Perhaps more importantly, the NSS catalog of American values omits several qualities, which we might describe as neoliberalism’s bastard children. Anyone who spends an hour paging through an issue of People magazine, an evening watching network television, or a day walking the streets of an American city will identify these as woven into the very fabric of American life: pervasive vulgarity, an obsession with sex, a fascination with celebrity and violence, extraordinary abundance coexisting with abject poverty, and a conception of human happiness keyed to material consumption—with God having long since been consigned to the sidelines.
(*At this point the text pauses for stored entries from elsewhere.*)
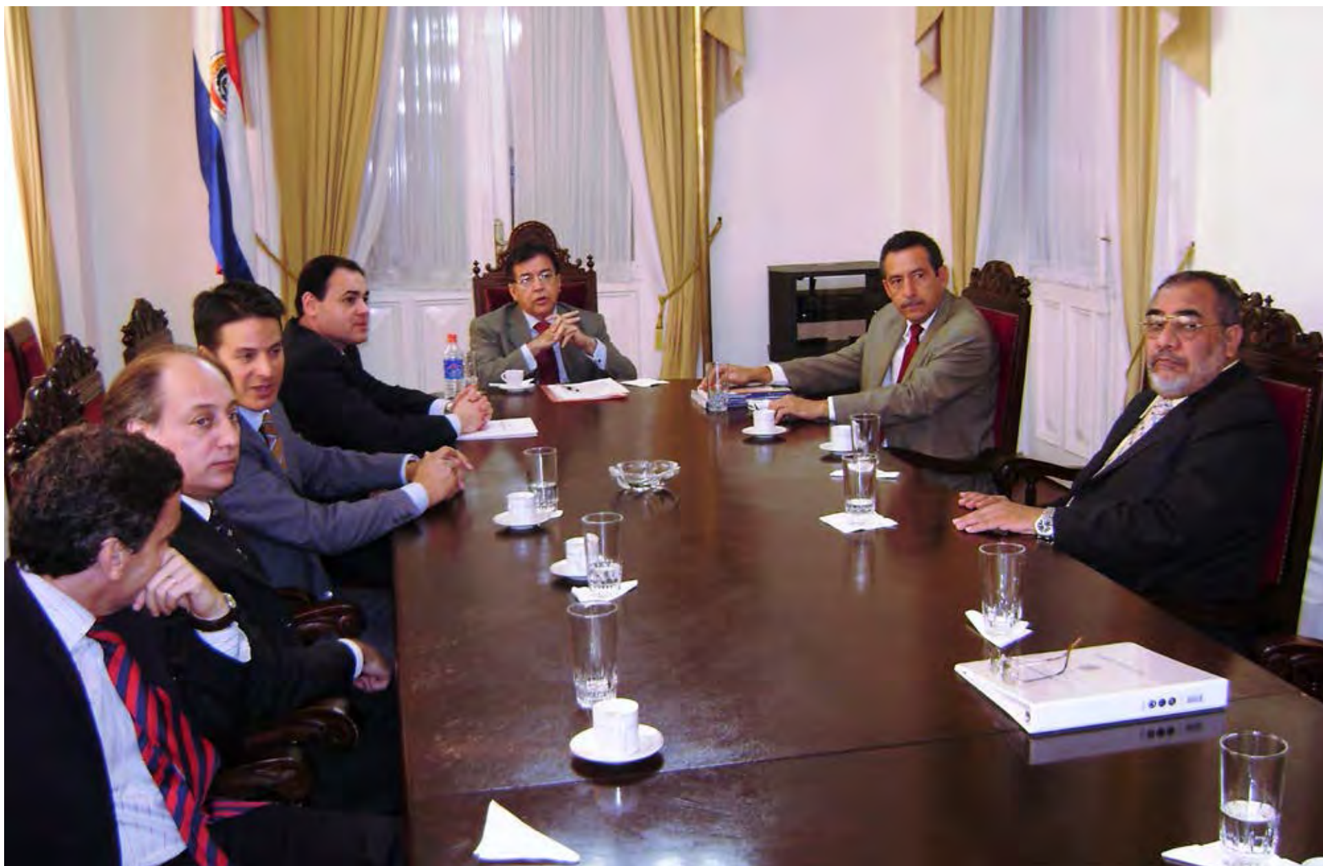
129º período extraordinario de sesiones en Paraguay, 2007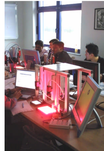
Praktisches Arbeiten und Vorführungen machen Optik und Beleuchtung greifbar.

Grundkenntnisse aus Optik und Beleuchtung sind von Vorteil aber nicht nötig.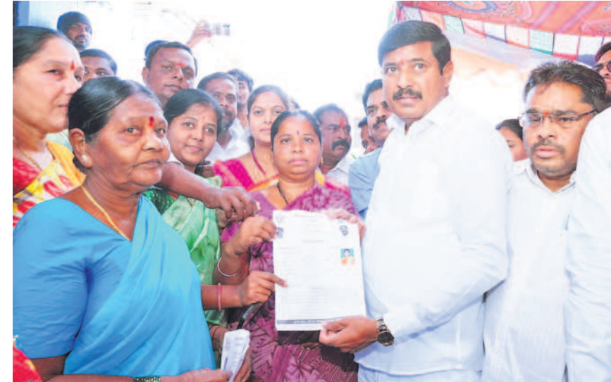
తాండూరు: మున్సిపల్ లోని 2వ వార్డులో మహిళా నుంచి దరఖాస్తు స్వీకరిస్తున్న తాండూరు ఎమ్మెల్యే మహారెడ్డి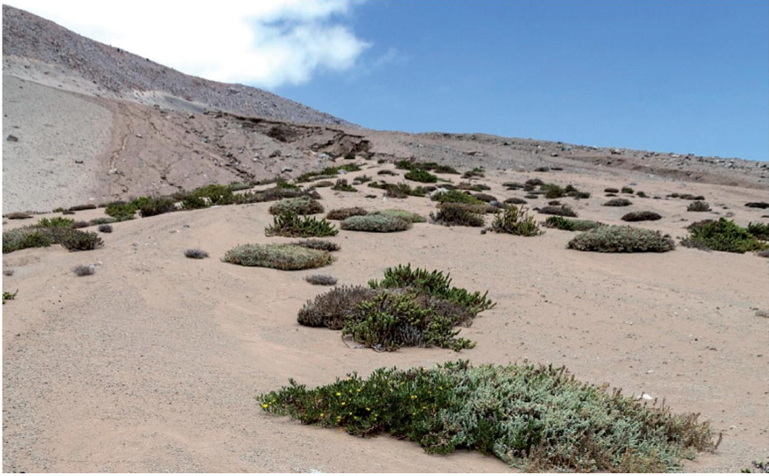
Fig. 4. Hábitat de Ectinogonia barrigai Moore 2017 (Coleoptera: Buprestidae), en Monumento Natural Paposo Norte, Región de Antofagasta, Chile. (Tomado de Moore 2017).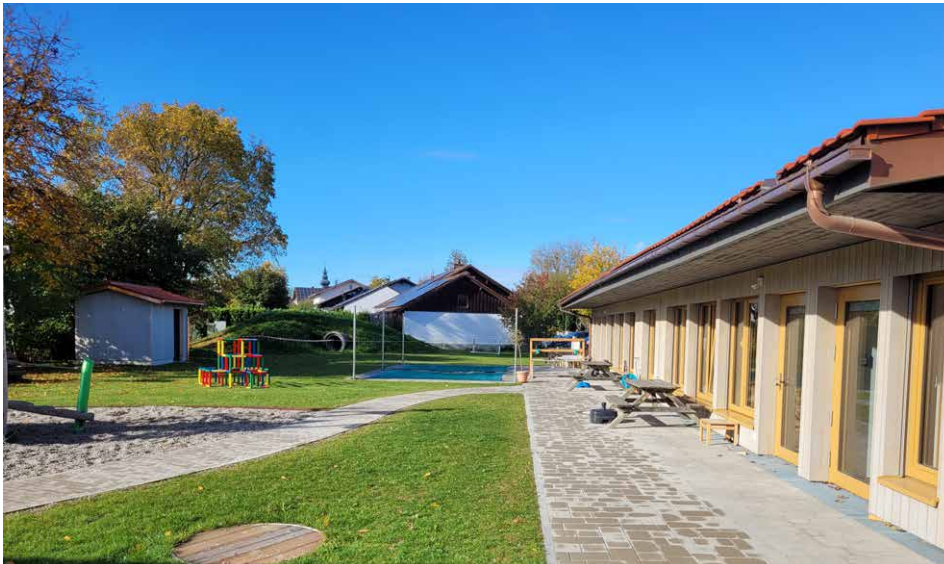
Der Neue Garten- und Außenbereich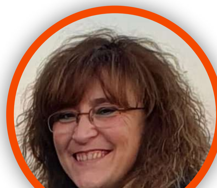
MARIANGELA MAPELLI SCUOLA PRIMARIA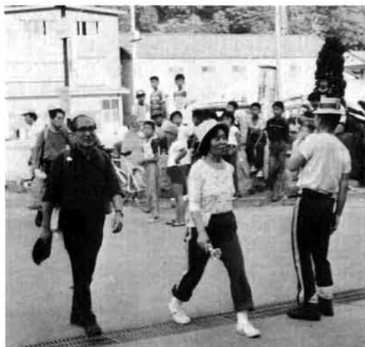
お疲れさま、と拍手に迎えられて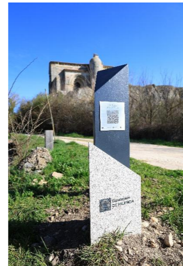
Santa Cecilia - Vallespinoso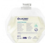
IDENTITY LUXURY FOAM SOAP REFIL JABÓN EN ESPUMA FORMATOS 6X800ML 892298R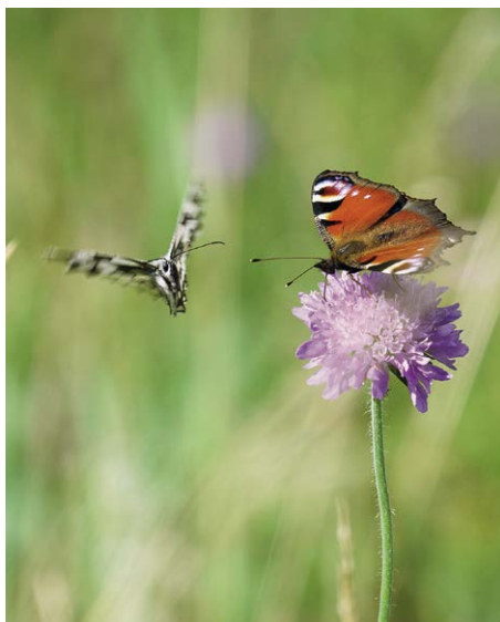
Das Naturmodul «Schmetterlingsbeet» ermöglicht kurzweilige Naturbeobachtungen.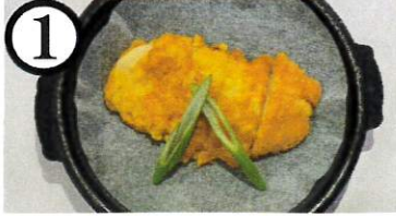
チキンピカタ【鶏肉,卵,乳】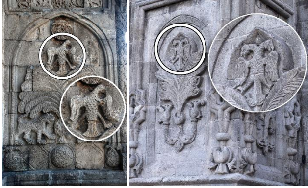
Görsel 15: Kartal figürü, Erzurum Yakutiye Medresesi (URL-10).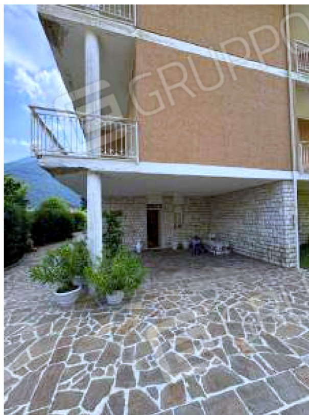
Pertinenza esterna comune a nord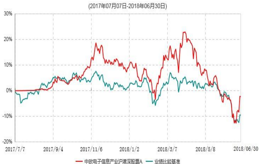
中欧电子信息产业沪港深股票A累计净值增长率与业绩比较基准收益率历史走势对比图

注：本基金基金合同生效日期为2017年7月7日，自基金合同生效日起到本报告期末不满一年，按基金合同的规定，本基金自基金合同生效起六个月为建仓期，建仓期结束时各项资产配置比例已达到基金合同约定。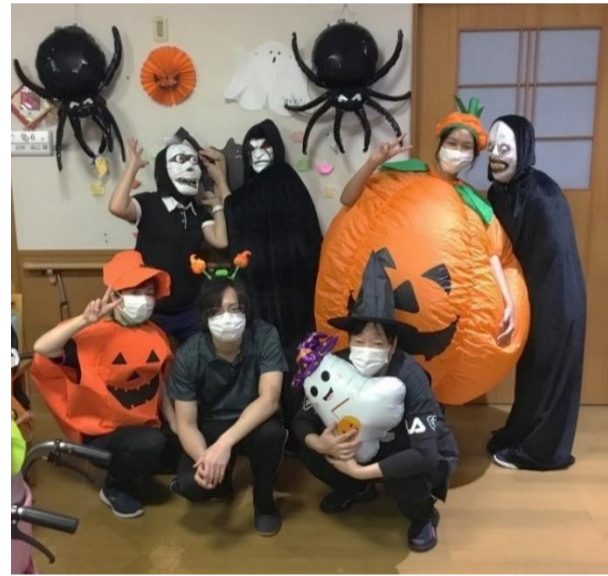
今年の仮装も気合を入れました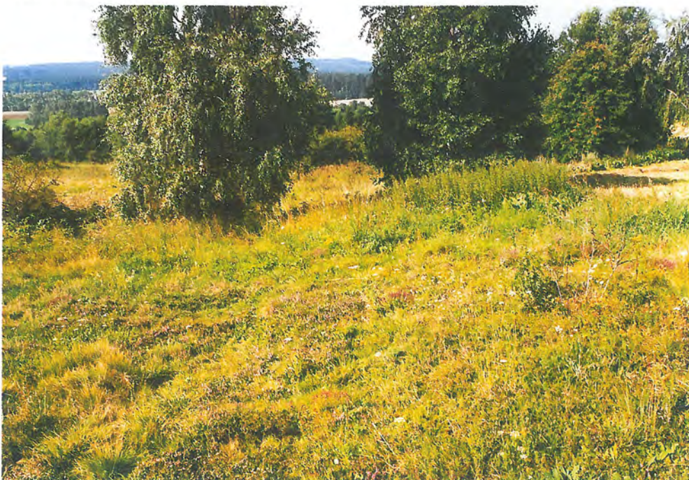
Krátkostébelné acidofilní trávníky s dominantní smilkou tuhou a vřesem obecným v bezprostředním okolí lapače v PR Zubří.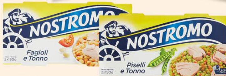
NOSTROMO TONNO E FAGIOLI/ TONNO E PISELLI 150 G X 2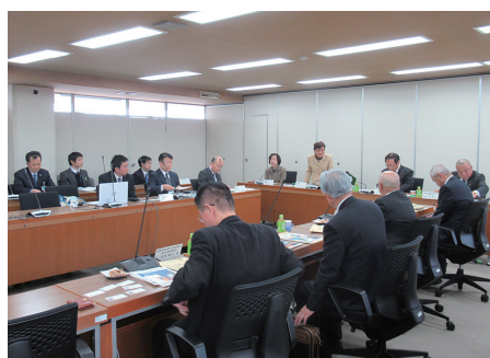
◀ 滋賀県蒲生郡町村議会議長会様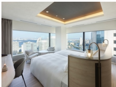
客室エグゼクティブコーナーツイン(46.1㎡)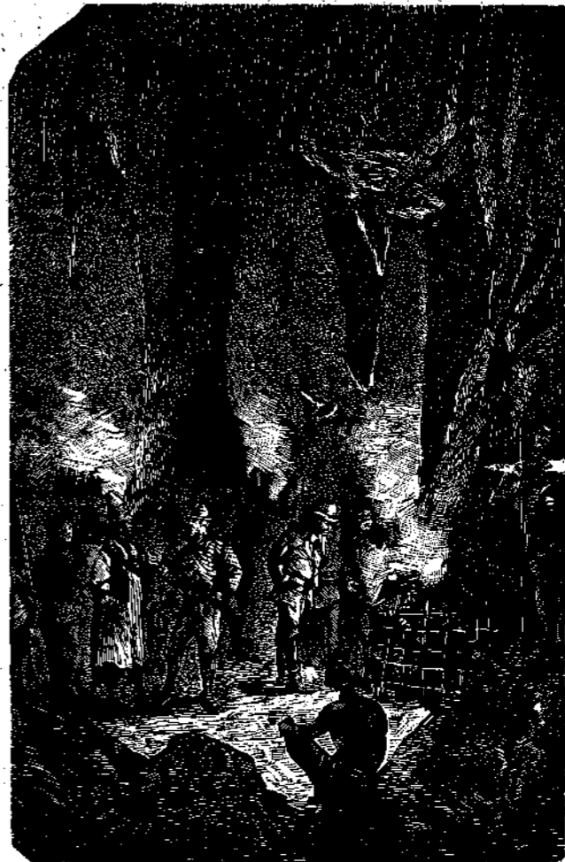
Ἦτο ὁ Ματακίτ (σελ. 150).

— Οὐμ! ἔκαμιν ὁ Τζὼν Οὐάτικιν, χωρὶς νὰ φαίνεται ἀρκούντως πειθόμενος περὶ τοῦ κύρους τῆς βεβαιώσεως ταύτης. Δὲν πιστεύετε μᾶλλον, ὅτι αὐτὸς ὁ πανούργος Ματα-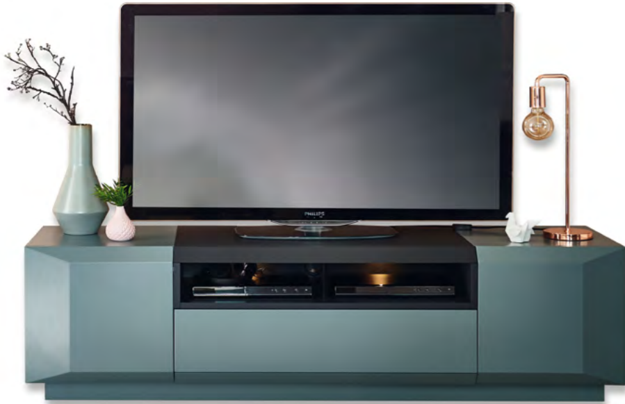
Lowboard hoch mit 3 Türen, B/H/T 180/50/50 cm. (Nischenbeleuchtung optional)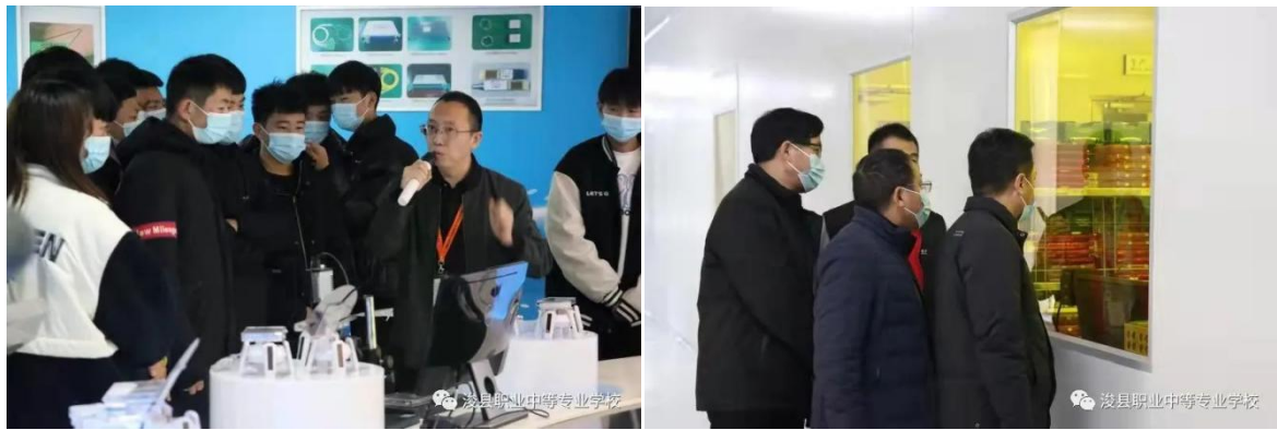
图 21 校企双方共同组织老师和学生代表前往河南仕佳光子公司参观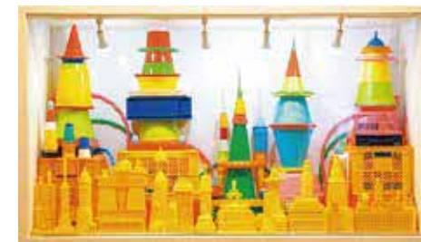
西田卓司《カラフルな降るカラー》2013年 作家蔵(参考作品)

既製品やサインなど、既存のイメージの引用により、ポップな色調の立体作品を制作する西田卓司(1983～)のインスタレーションを紹介します。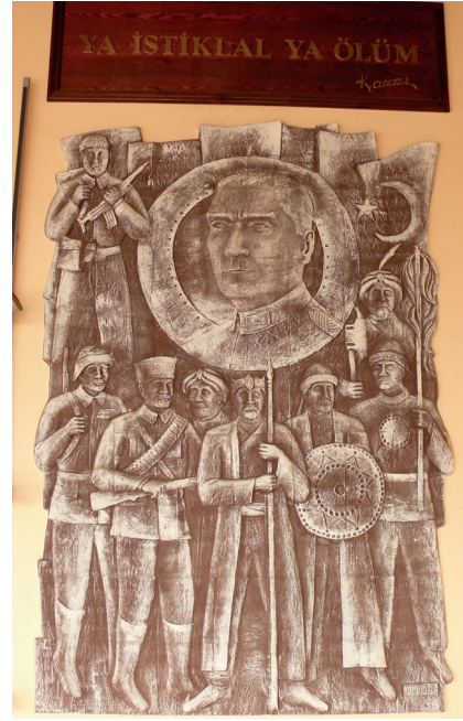
Pano3: “Ya istiklâl, ya ölüm” Şamotlu Kil, Elle Şekillendirme, 194x280 cm, 2008.

4.Pano: “Türkiye'nin asıl sahibi ve efendisi gerçek üretici olan köylüdür.” Atatürk 1 Mart 1922 tarihinde, TBMM'nin üçüncü toplanma yılını açarken yaptığı uzun konuşmada “Türkiye'nin sahibi ve efendisi kimdir?” diyerek bir soru sormuş ve cevap olarak da köylüyü milletin efendisi olarak tanımlamıştır (Atatürk'ün Söylev ve Demeçleri, 1997:240).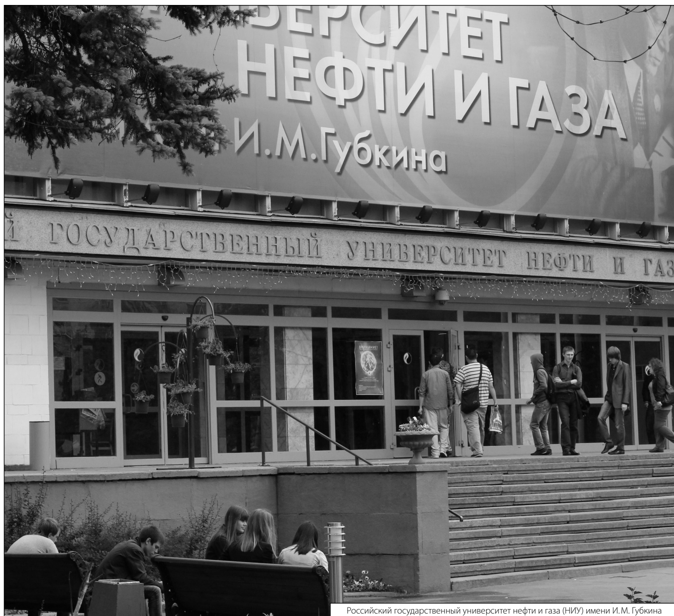
Российский государственный университет нефти и газа (НИУ) имени И. М. Губкина

Журнал «Современная наука: актуальные проблемы теории и практики»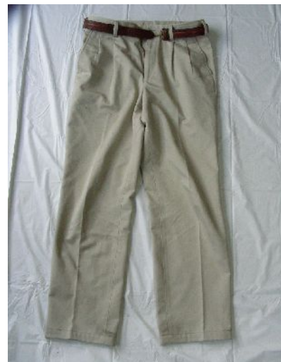
ベージュ色ズボン(胴囲82cm)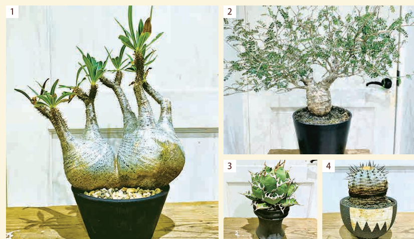
1. パキポディウム・グラキリス (自生地マダガスカル) 2. オベルクリカリア・パキプス (自生地マダガスカル) 3. アガベ・オテロイ (自生地北アメリカメキシコ) 4. サボテン・コピアポア (自生地チリ)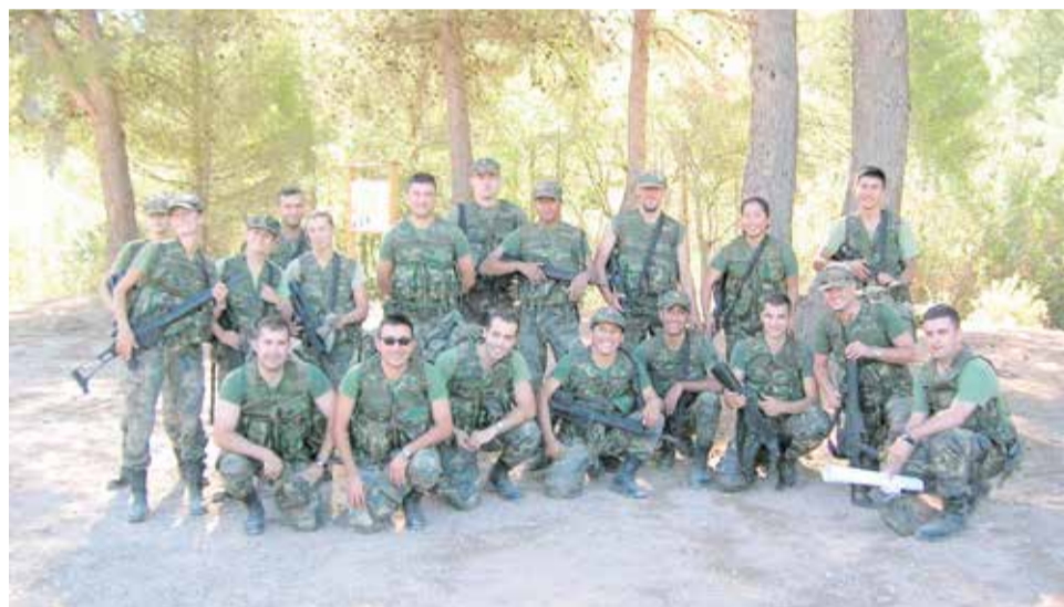
El equipo militar celebrando tras completar el recorrido de la Ruta del Agua.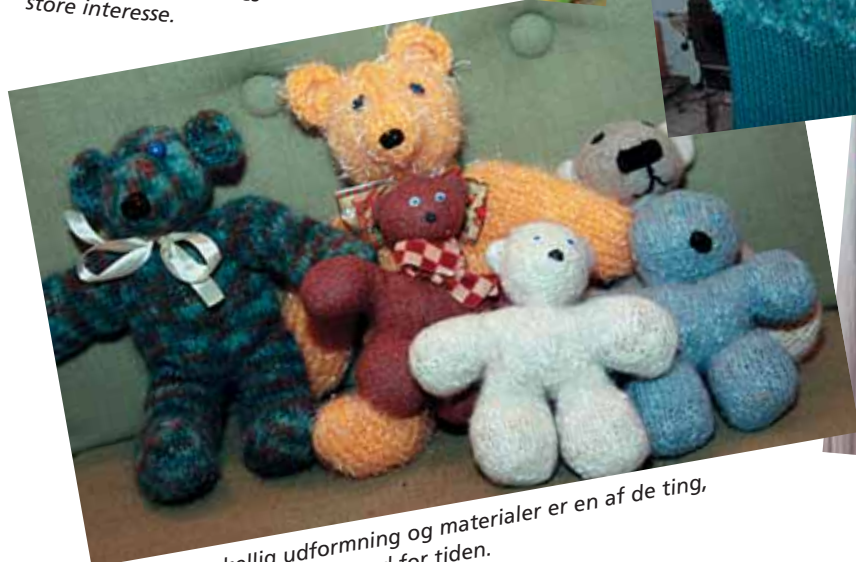
Bamser i forskellig udformning og materialer er en af de ting, som Britt Stagis arbejder med for tiden.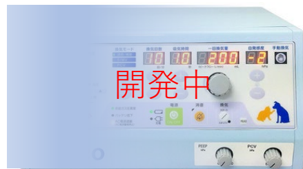
動物用医療機器（呼吸器）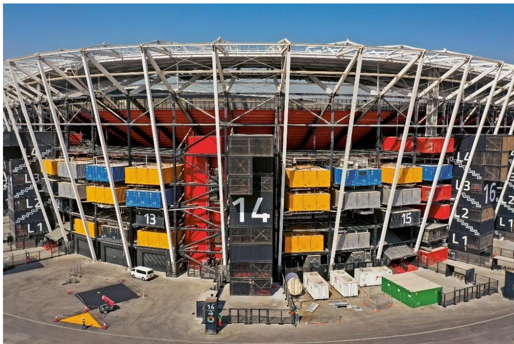
Slika 4. Modularni Stadion 974.

Slikom 4. prikazan je eksterijer Stadiona 974, pri kojem su vidljivi kontejneri kao integralan dio konstrukcije cjelokupnog stadiona. Neobičnu kontejnersku konstrukciju povezuju strukturalne grede.

This works for us—at least works well enough to elicit something between passive acceptance and positive assent from most Americans. Arguably, as the United States “leads” (a favorite NSS term) the world deeper into the twenty-first century, these values—the enlightened as well as the tawdry—will attract more and more adherents around the world. Especially among the young in whom the NSS places such high hopes, the seductive allure of the American way of life persists.

Yet even within that cohort, defining American values as universal does not command automatic universal assent. Pressing for their adoption produces not compliance but fierce resistance, rooted at least in part in an alternative perspective said to have universal application. Persuading these radicals, militants, or terrorists—pick your term—to think otherwise promises to take some doing. 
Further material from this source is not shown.